The knowledge of underlying processes of DM and metacognitive beliefs and its role in depressive disorders might contribute in the development of novel interventions for depressive disorders. This might result in decreasing the disability caused due to depressive disorders. Consequently, we studied DM, metacognitive beliefs and executive functioning among individuals with depressive disorder in comparison to healthy controls (HCs).
MATERIAL AND METHODS
Design and setting
A cross-sectional comparative group design was employed. The sample comprised 40 participants, 20 participants with diagnosis of recurrent depressive disorder (RDD)[16] and 20 HCs. The clinical sample was recruited from the outpatient department (OPD) of Psychiatry of a government tertiary care center located in an urban area. HCs were bystanders of the patients visiting non-psychiatry OPDs of the center.
Participants
The participants included in the clinical sample were 20–45 years of age, having a minimum of 10 years of education, those having 2–5 depressive episodes in the past. Whereas those having any psychiatric comorbidity, suicidality, unstable medical condition, terminal illness or neurological condition; undergoing evidence-based psychotherapy or electroconvulsive therapy or yoga, currently or in the past 6 months, were excluded. HCs were males and females aged 20–45 years having a minimum of 10 years of education without any psychiatric morbidity (score of <3 on GHQ), unstable medical condition, terminal illness, or neurological condition; or practicing therapy or yoga, currently or in the past 6 months.
Tools used
General Health Questionnaire (GHQ-12) was used to assess psychological distress in HCs. The General Health Questionnaire (GHQ 12) was developed by Goldberg (1972). It has 12 items and measures an individual's well-being, depressive and anxiety symptoms, and sleep-related issues over a period of recent 4 weeks. The scale has four response options: better than usual, same as usual, less than usual, and much less than usual. The cutoff for the scale is 3; a score of more than 3 indicates the presence of psychological symptoms.
Mini International Neuropsychiatric Interview (MINI 7.0.2) developed by Sheehan et al. assesses 17 most common mental disorders based on DSM 5 and ICD10.[17] It has been shown to have very good reliability and validity when compared to other longer structured diagnostic interviews SCID-P and CIDI. It was used to make an objective diagnosis of RDD and rule out psychiatric comorbidities. The administration includes screening questions in a grey box, and the interviewer is guided by an algorithm, where one can be led to the entire module after the screening question or can skip and move to the next module. In this way, the administration generates a diagnosis. The time taken for administration has a median of 15–22 minutes.
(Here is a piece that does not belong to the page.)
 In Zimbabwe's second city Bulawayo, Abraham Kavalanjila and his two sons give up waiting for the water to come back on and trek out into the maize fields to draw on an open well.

Beck Depression Inventory (BDI-II) developed by Beck, Steer, and Brown in 1996 measures the severity of depression.[18] It includes 21 items on a 4-point Likert scale, with scores ranging from 0 to 3. The total maximum score comes up to 63. A score of 0–13 indicates minimal depression, a score of 14–19 indicates mild depression, 20–28 indicates moderate depression, and a score of 29–63 indicates severe depression.
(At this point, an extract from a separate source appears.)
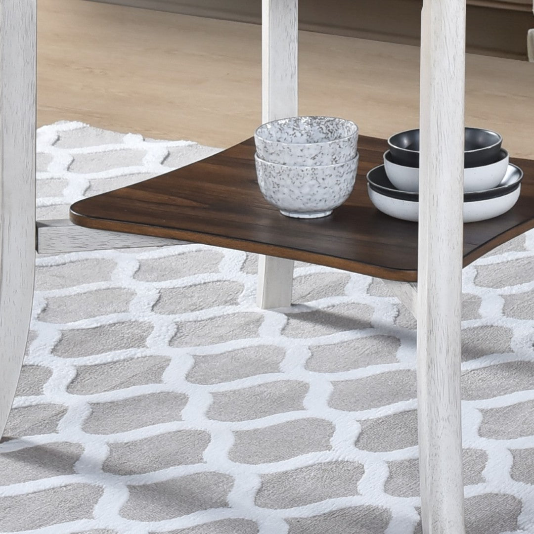 - Two-tone Finish: Walnut-finished tabletop paired with an antique white base for a classic, versatile look

Melbourne Decision Making Questionnaire (MDMQ) developed by Leon Mann et al. in 1997 includes 22 items responded to on a 3-point scale, with 0 (not at all true), 1 (somewhat true), and 2 (very true). Higher scores indicate the dominant style of DM. The items assess four subscales that measure DM styles, vigilance (VG) (rational approach, implying adequate attention, processing, and evaluation of information in DM), buck-passing (BP) (leaving DM to others and avoiding responsibility), procrastination (PR) (putting off or delaying DM), and hypervigilance (HV) (an anxious hurried approach, spending a great amount of time trusting one's DM).[19]
The Metacognitive Questionnaire (MCQ 30), developed by Wells and Hawtton in 2004, assesses the metacognitive model of psychological disorders.[20] It includes 30 items rated on a 4-point Likert scale from 1 to 4. The subscales assessing dysfunctional metacognitive beliefs include positive belief about worry, negative beliefs about uncontrollability and danger of worry, cognitive confidence, need for control, and cognitive self-consciousness. It takes around 25–30 minutes to complete. Higher scores indicate higher levels of dysfunctional metacognitive beliefs.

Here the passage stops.